U.S. Senate Appropriations leaders are stepping up their opposition to a proposal to separate the U.S. air traffic control organization, saying such a plan would curtail congressional oversight and break apart the FAA. Both Republican and Democrat leaders of the Senate Appropriations Committee and transportation appropriations subcommittee voiced their opposition as the House is expected to roll out a comprehensive reauthorization proposal—including a measure for an independent ATC—this week.
The leaders last summer had included language in the Senate version of the Fiscal Year 2016 FAA funding bill, saying they “would therefore oppose legislation to put the FAA or parts of the FAA on funding autopilot.”
They followed with a January 27 letter to Senate Commerce Committee leaders saying, “The public would not be well served by exempting any part of the FAA from annual congressional oversight.” They noted that congressional oversight provides accountability and “ensures that the FAA maintains a system that works across the aviation industry, including general aviation and small and rural communities as well as commercial airlines and large metropolitan cities.”

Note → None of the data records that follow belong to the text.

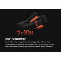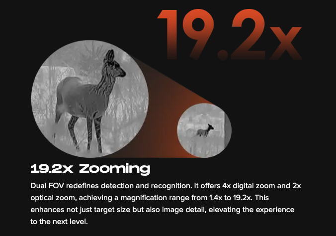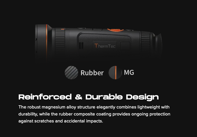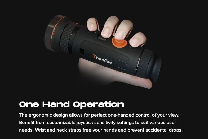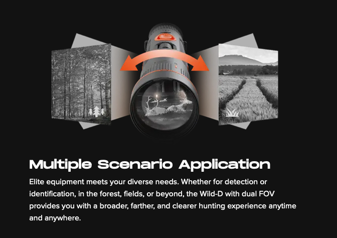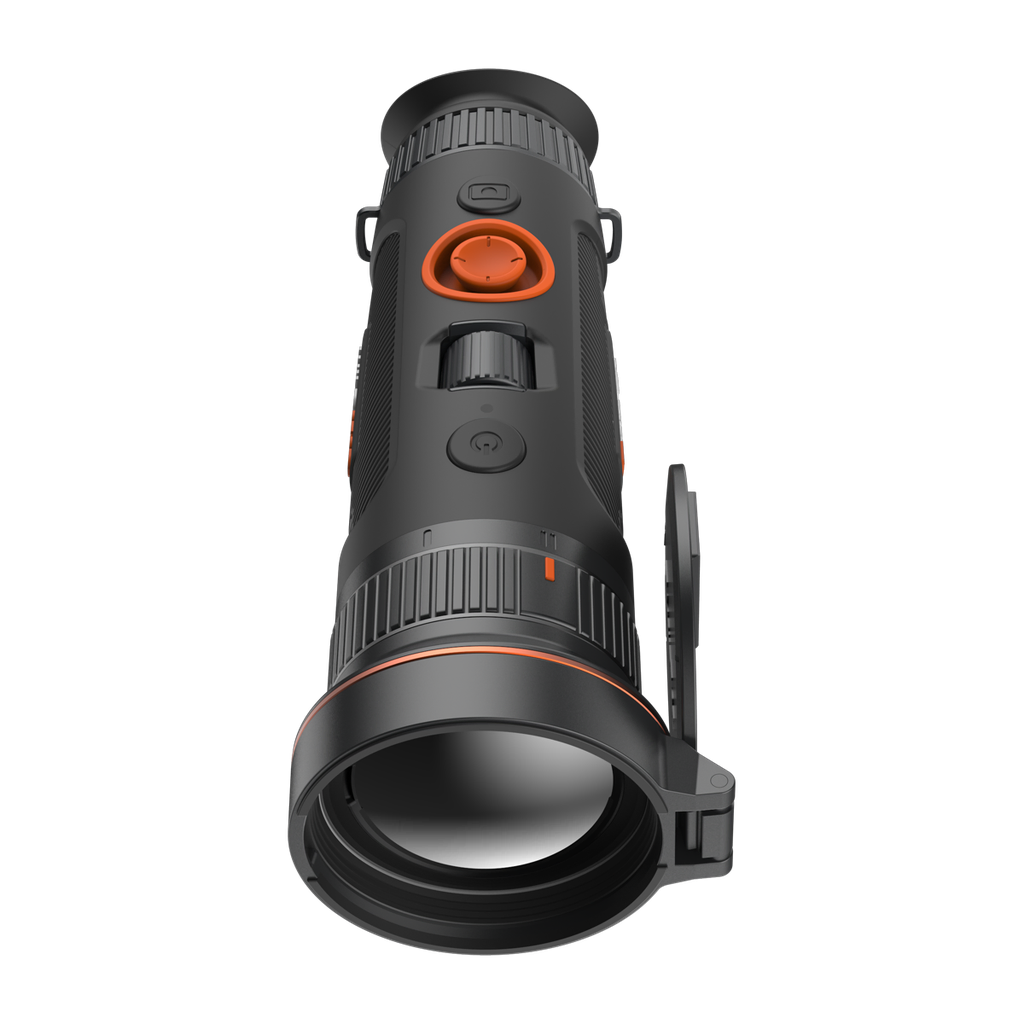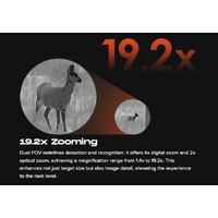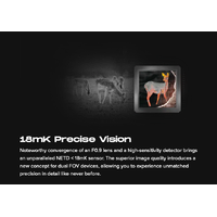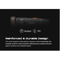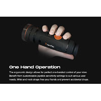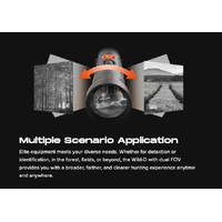 The Thermtec Wild-D Series thermal imaging monocular offers unmatched precision with a highly sensitive NETD < 18mK sensor and F0.9 lens, delivering exceptional image clarity in diverse environments. Designed for versatility, its dual field-of-view (FOV) system and 19.2x zoom (4x digital and 2x optical) enhance detection and recognition across forests, fields, and beyond. Boasting an industry-leading 20-hour battery life across two rechargeable batteries, the Wild-D ensures you never miss a moment. It features a rapid 3-second startup, ergonomic one-handed operation, and customizable joystick settings for seamless control. Advanced AI and algorithms provide ultra-long image stability for up to an hour without recalibration, while the magnesium alloy structure and rubber coating ensure durability. Additional features include a silent lens cover, six color palettes, 64GB built-in memory, IP67 waterproof rating, and a crisp 0.39-inch AMOLED display, making it ideal for any hunting scenario.
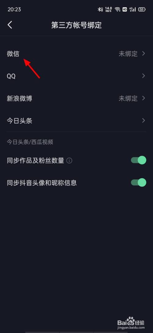 进入第三方帐号绑定界面,我们需要点击【微信】;
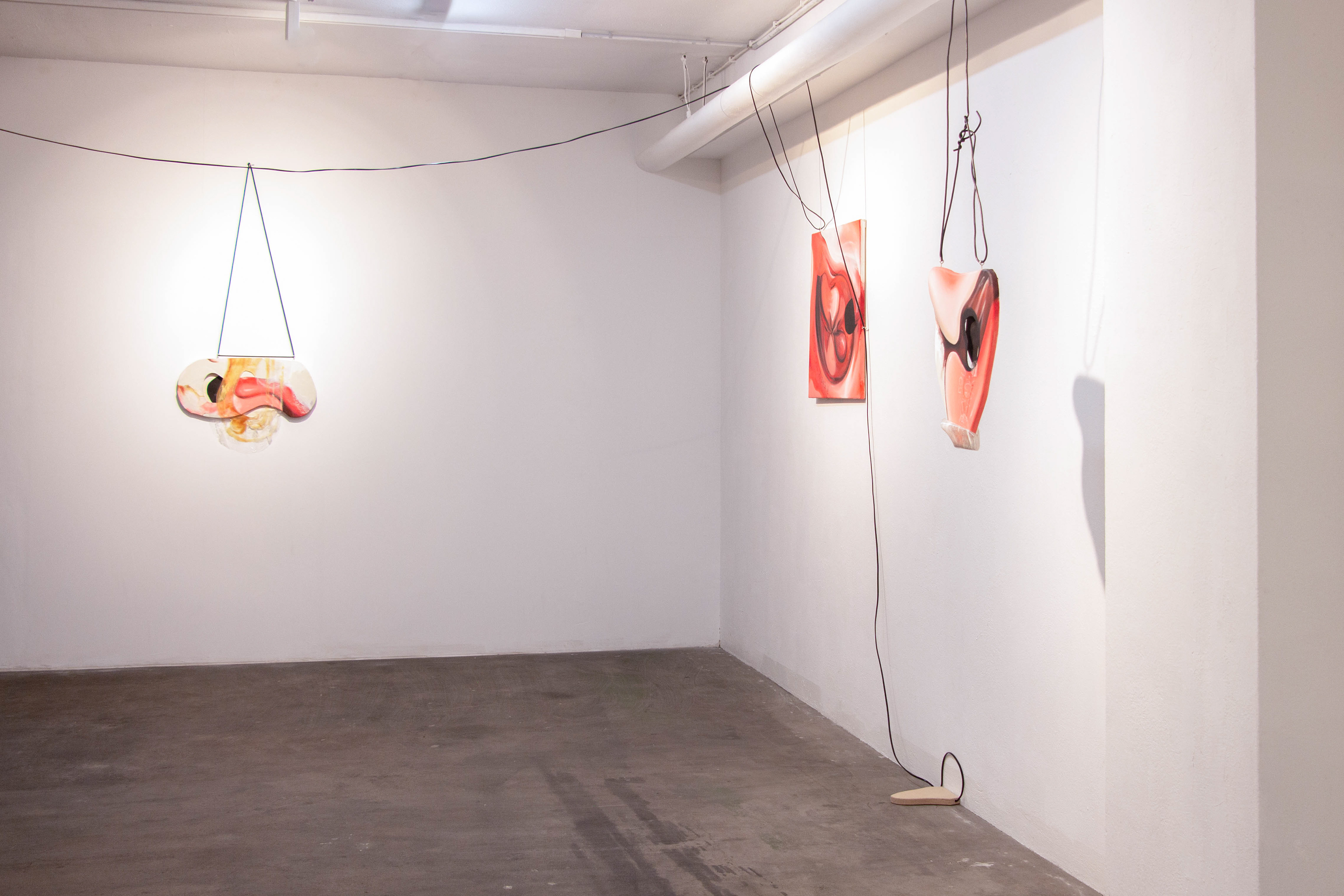 2025, Oil on canvas, wood, foil, cables; exhibition view Bag to the Carrier (Solo), Sender, Hamburg

They also noted that the U.S. has been a world leader in aviation with the largest, most complex system. “It does not make sense to break apart the FAA, an essential part of our success in aviation.” The lawmakers further expressed concern that efforts to modernize ATC, certify aviation products in a timely fashion and integrate unmanned systems in to the national airspace would be undermined if the FAA is fractured.
Their letter comes as battle lines continue to be drawn over the proposal with House Republicans, including some key General Aviation Caucus members, and many scheduled airlines backing the concept while House Democrats, aviation consumers and general aviation groups oppose it.
General aviation and other groups welcomed the letter. “It represents an important perspective from legislators who have, for decades, ensured funding for the nation's air transportation system, despite great volatility in both the U.S. and world economies,” said NBAA president and CEO Ed Bolen.